## Exercise
With the pictures left aside, write out exactly the lines of the listing below from the line with "Vanhat, haalistuneet puuvillaiset" to the line with "リサイクルナイロンとコットン", both included, and only those.

[Opening Exercise material section]

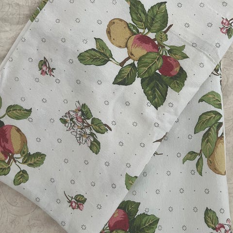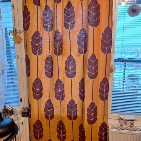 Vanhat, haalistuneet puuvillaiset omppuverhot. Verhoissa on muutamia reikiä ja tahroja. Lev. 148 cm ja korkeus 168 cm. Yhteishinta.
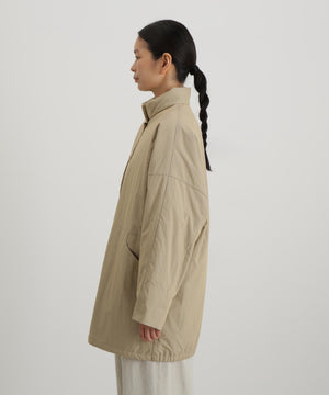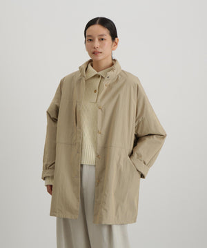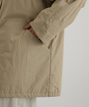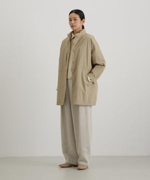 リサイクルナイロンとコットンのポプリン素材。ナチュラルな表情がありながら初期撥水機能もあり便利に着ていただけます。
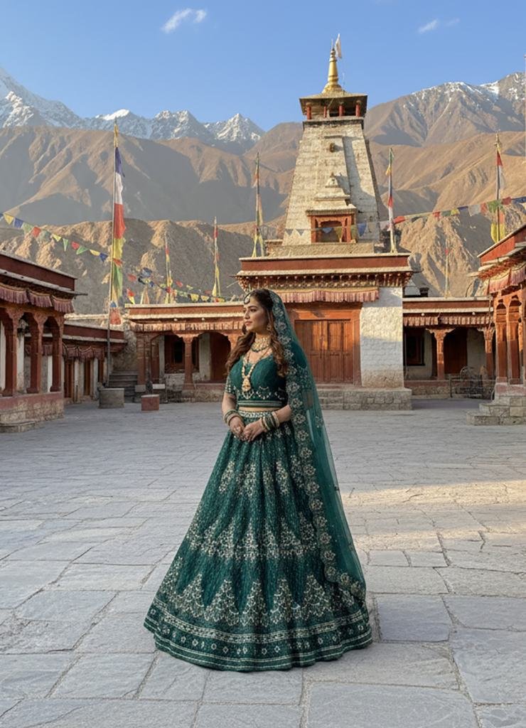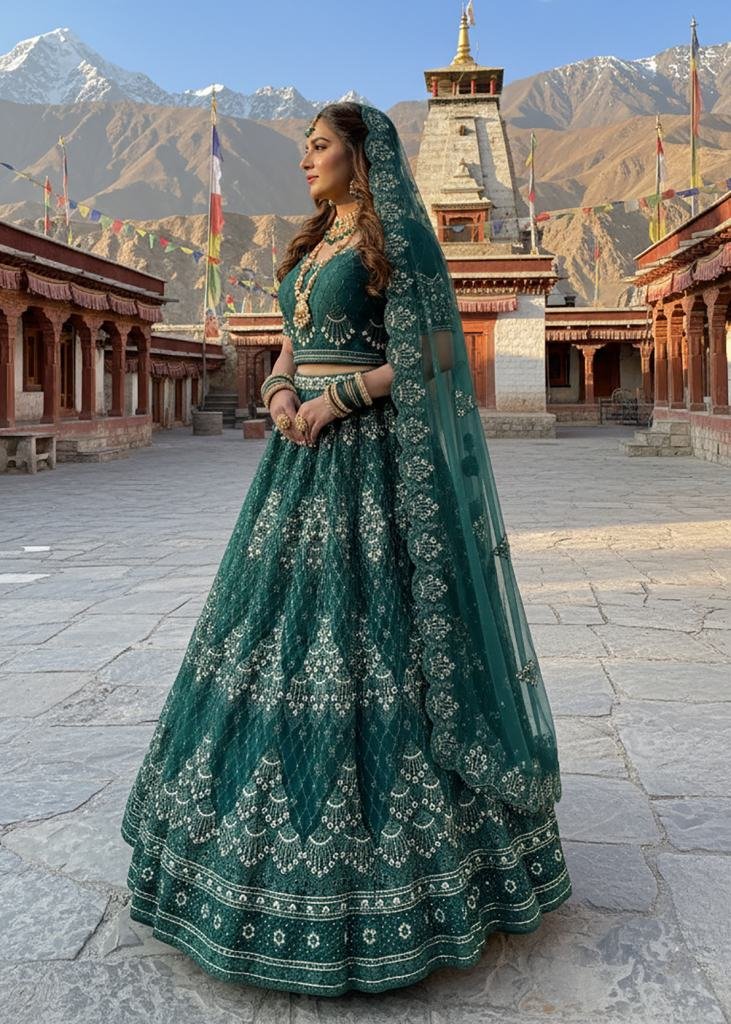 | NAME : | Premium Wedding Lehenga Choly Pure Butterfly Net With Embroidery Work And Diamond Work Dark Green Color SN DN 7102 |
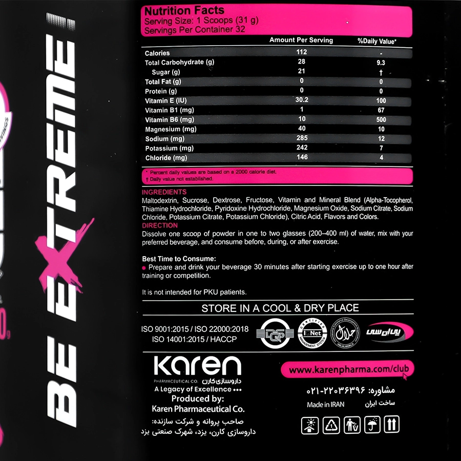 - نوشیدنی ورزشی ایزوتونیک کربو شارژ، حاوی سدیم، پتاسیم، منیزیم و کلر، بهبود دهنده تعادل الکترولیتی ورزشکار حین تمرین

[Closing Exercise material section]
[Opening Exercise material section]

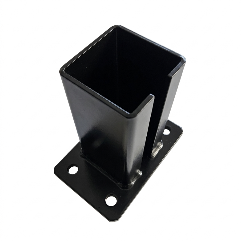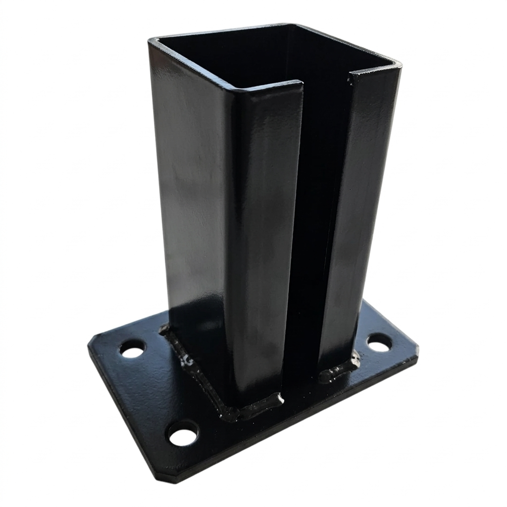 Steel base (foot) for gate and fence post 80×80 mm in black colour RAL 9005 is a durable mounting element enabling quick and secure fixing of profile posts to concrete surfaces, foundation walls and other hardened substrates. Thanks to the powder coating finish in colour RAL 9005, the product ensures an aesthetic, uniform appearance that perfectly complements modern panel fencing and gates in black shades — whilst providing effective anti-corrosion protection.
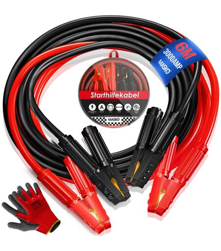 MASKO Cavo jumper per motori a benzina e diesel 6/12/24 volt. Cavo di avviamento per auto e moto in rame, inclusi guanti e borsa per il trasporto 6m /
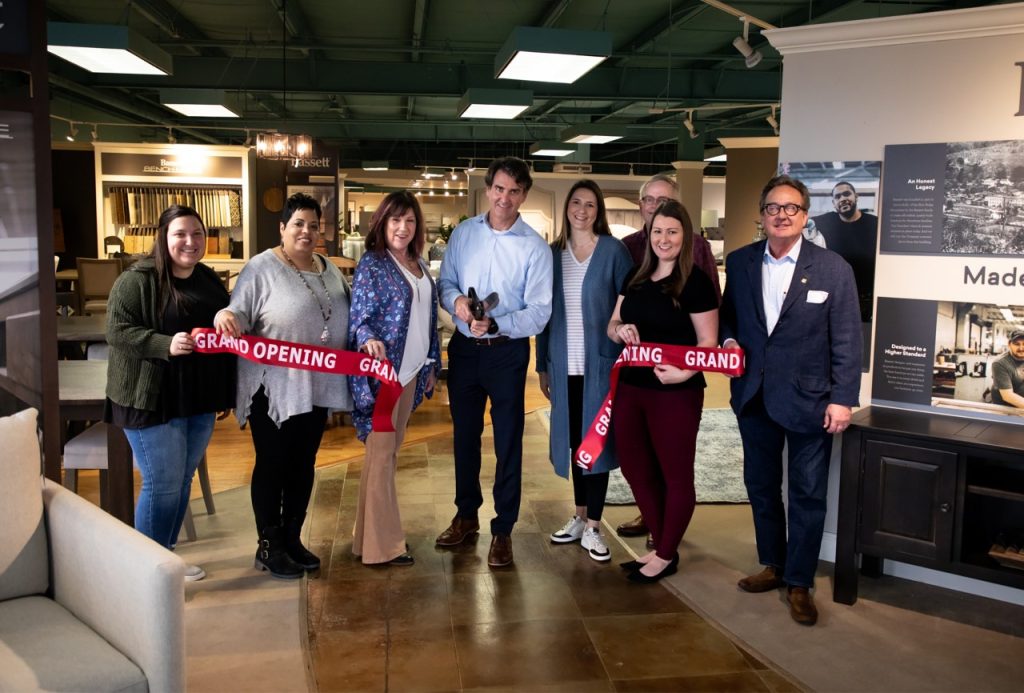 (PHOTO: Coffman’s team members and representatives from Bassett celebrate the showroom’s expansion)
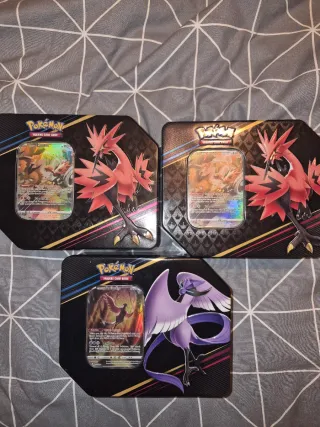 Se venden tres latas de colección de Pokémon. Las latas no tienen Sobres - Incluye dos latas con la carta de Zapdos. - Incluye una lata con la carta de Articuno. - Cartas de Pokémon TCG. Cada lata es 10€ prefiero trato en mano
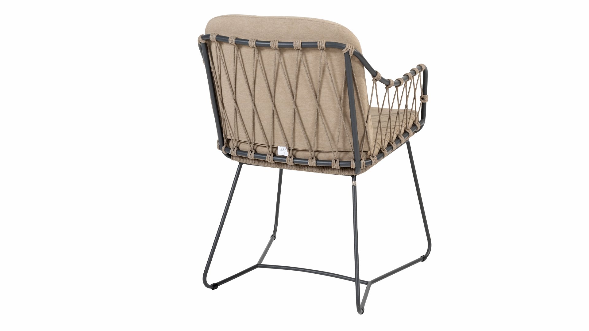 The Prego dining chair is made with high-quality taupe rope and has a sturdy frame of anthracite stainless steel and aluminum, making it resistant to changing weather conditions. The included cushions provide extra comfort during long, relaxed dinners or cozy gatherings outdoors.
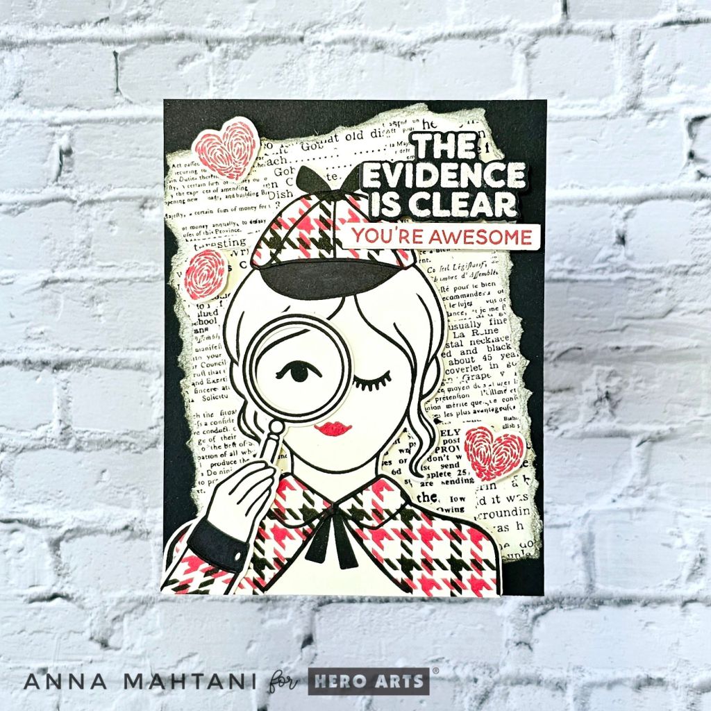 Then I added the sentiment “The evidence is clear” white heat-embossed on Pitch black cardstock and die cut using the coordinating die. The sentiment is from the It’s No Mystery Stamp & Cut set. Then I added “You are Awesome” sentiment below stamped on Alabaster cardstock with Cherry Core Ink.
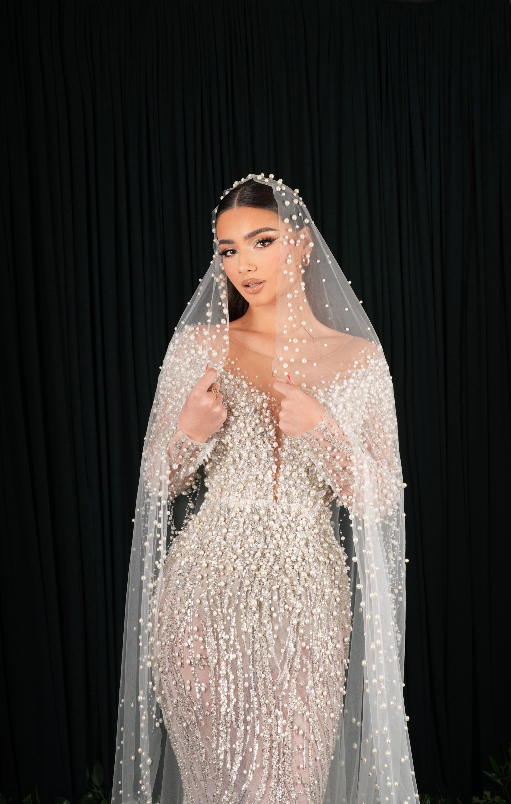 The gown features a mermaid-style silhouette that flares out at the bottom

[Closing Exercise material section]
[Opening Exercise material section]

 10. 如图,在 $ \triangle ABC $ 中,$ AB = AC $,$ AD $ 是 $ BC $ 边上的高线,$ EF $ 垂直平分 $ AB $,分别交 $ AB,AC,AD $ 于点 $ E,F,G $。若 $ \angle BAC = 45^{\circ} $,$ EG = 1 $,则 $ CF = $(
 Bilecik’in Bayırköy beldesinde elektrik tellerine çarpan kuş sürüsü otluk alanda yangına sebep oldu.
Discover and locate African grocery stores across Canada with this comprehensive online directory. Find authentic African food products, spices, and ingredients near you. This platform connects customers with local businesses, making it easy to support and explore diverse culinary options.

[Closing Exercise material section]

## Answer section
 Vanhat, haalistuneet puuvillaiset omppuverhot. Verhoissa on muutamia reikiä ja tahroja. Lev. 148 cm ja korkeus 168 cm. Yhteishinta.
 リサイクルナイロンとコットンのポプリン素材。ナチュラルな表情がありながら初期撥水機能もあり便利に着ていただけます。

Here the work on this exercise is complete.